Sleepless nights. Fussing while feeding. Tugging at the ear. And crying when lying down. Yep, your child has the classic signs of an ear infection.
For toddlers around ages 1 to 2, ear infections are as common as the common cold, and anatomically, there’s good reason. “In kids, the tube that connects the ear to the back of the nose—which is called the Eustachian tube—is shorter and more horizontal than in adults,” said Dr. Drew Prosser, an ear, nose and throat surgeon at the Children’s Hospital of Georgia. “As a result, it’s easier for bacteria to travel from the nose into the ear and precipitate an infection.”
And during cold season—in other words, right now—upper respiratory infections and resulting inflammation can lead to swelling that prevents fluid from draining from the ears, making the likelihood of an ear infection even greater.

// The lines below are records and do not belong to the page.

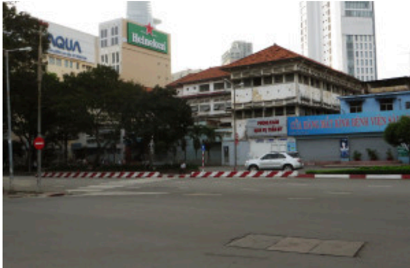
L'Hôpital général de Saïgon aujourd'hui (bd. Lê Loi, Quận 1) (ex-Bonard)
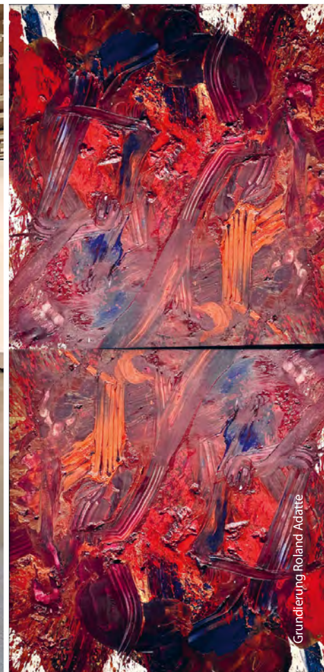
Grundierung Roland Adatte

Pour toute question concernant l'exposition et les conditions-cadres, merci de contacter Ute Winselmann Adatte par courriel à l'adresse ute_von_asuel@gmx.ch ou par téléphone au n° 032 322 95 55.
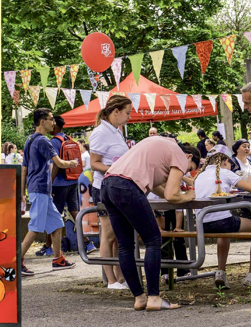
Aus den Kursen ©Kunst- und Musikschule Stadt Brühl
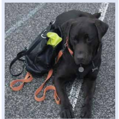
Obrázok 1. Labrador Zeus. CT pes musí vedieť trpezlivo čakať, kým príde na rad.

Keďže sa už niekoľko rokov zúčastňujem na seminároch o CT a zaoberám sa výcvikom psov, vypracovala som metódu výberu, výchovy, výcviku a následnej praxe v CT-tíme, ktorá korešponduje s osvedčenými metódami používanými v zahraničí. Je dôležité preveriť si odbornosť a spôsob práce CT-tímu skôr, ako s ním začneme spolupracovať (CT-tím = psovod + pes + odborný pracovník). Pri práci s CT musí byť vždy prítomný lekár, fyzioterapeut či iný odborný pracovník, ktorý terapiu vedie. Psovod so psom nesmú za žiadnych okolností pracovať s pacientom sami. Spôsob práce nikdy neurčuje psovod. Treba mať na zreteli, že psovod je kynológ, ktorý zodpovedá za prácu svojho psa, je plne zodpovedný za jeho správanie, zdravotný stav, hygienu a bezpečnosť. Plán, podľa ktorého sa terapia má viesť, však určuje pracovník zodpovedný za liečbu.
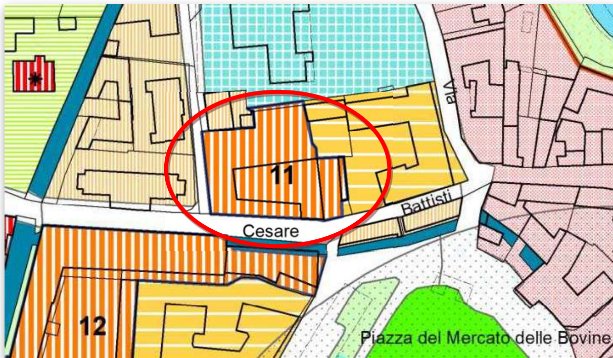
Estratto del Piano regolatore con individuazione del Piano di Recupero 11
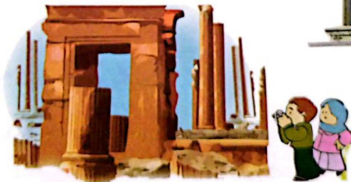
اینجا تخت جمشید در مرودشت فارس است.
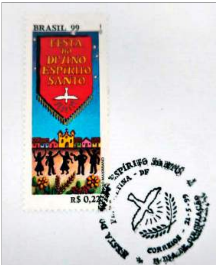
Selo da Festa do Divino de 1999.
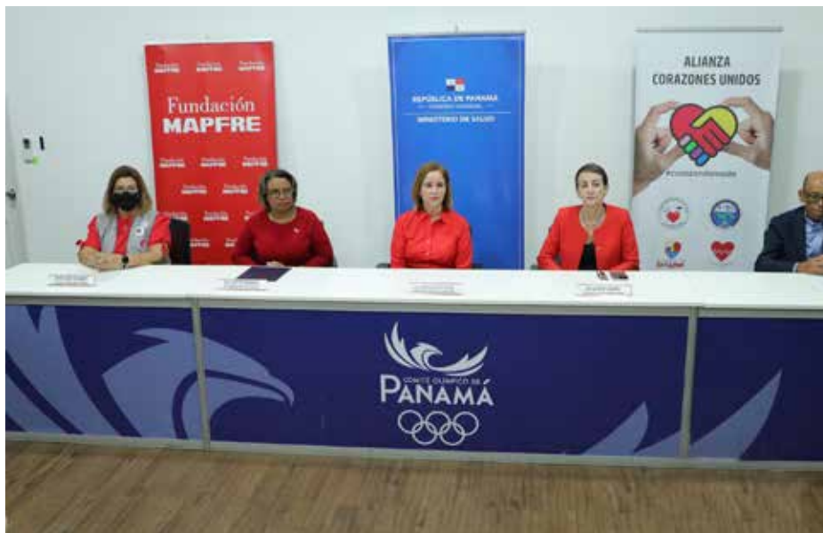
El Minsa y la Alianza Corazones Unidos presentaron la campaña “Corazón de Moda 2022”, en el marco de la celebración del Día Mundial del Corazón, el 29 de septiembre próximo.

Con motivo de la celebración, el próximo 29 de septiembre, del Día Mundial del Corazón, el Ministerio de Salud (Minsa), en conjunto con la Alianza Corazones Unidos, hizo el lanzamiento de la campaña “Corazón de Moda 2022”, que busca cada año concientizar a las personas sobre la práctica de hábitos de alimentación saludable para reducir factores de riesgo asociados a las enfermedades cardiovasculares. El evento contó con la participación de la primera dama de la República, Yazmín Colón de Cortizo, quien hizo un llamado a las personas a practicar actividades físicas, realizarse controles de salud, tomarse los medicamentos y, principalmente, no fumar; que contribuyen a cuidar el corazón de cualquier tipo de enfermedades. Por su parte, Ivette Berrío, viceministra de Salud, manifestó que las enfermedades cardiovasculares son la primera causa de muerte en el mundo. Los infartos de miocardio y los accidentes cerebrovasculares cobran más de 17 millones de vidas al año y se estima que la cifra ascenderá a 23 millones para el año 2030. Durante todo el mes de septiembre, la Alianza Corazones Unidos, integrada por fundaciones vinculadas a enfermedades cardiovasculares, programa actividades para promover, prevenir y cuidar el corazón.

Does My Child Need to Have Tubes?
That’s probably one of the most common questions parents ask their pediatrician or ENT specialist. The good news is that the answer, most likely, is no. But there are many questions that parents don’t ask about ear infections, but should. Here are a few of the most common:
What’s the best way to clear the fluid from my child’s ear(s)?
Instead of the ear, look elsewhere: the nose. Saline drops are very helpful in thinning out mucus, which decreases inflammation and helps bacteria and fluid wash out of the ears (and if you really want to know, this fluid then washes into the back of the nose and is swallowed). If your child has a stuffy or snotty nose, just try a couple of drops at a time—and if you like, you can follow that up with gentle suction using the classic blue bulb or a nasal aspirator.
Is there still fluid in my child’s ear(s)?
With an ear infection, there are two issues: the infection and the fluid inside your child’s ear(s). Once your pediatrician has diagnosed your child with an ear infection, he or she may prescribe 10 days of antibiotics to treat the infection. In addition, it can take up to four to six weeks for the fluid to clear from the ears. During the follow-up appointment, parents should ask if both the infection and the fluid have cleared since persistent fluid can lead to recurrent ear infections, which is why tubes can be helpful.
Tubes are the worst thing that could happen, right?
Unfortunately, persistent fluid in the ears—say over a three-month period—along with recurring ear infections during critical toddler development can lead to something worse than just surgery and tubes: speech delays. Take a moment and stick your fingers in your ears—that’s how a baby with fluid in the ears hears his or her world. So you can imagine how that lack of sound information can potentially affect speech and language acquisition. While no parent wants to have tubes put in, they are the best way to help prevent this delay, especially if antibiotics and other methods to reduce infection and fluid have not been successful.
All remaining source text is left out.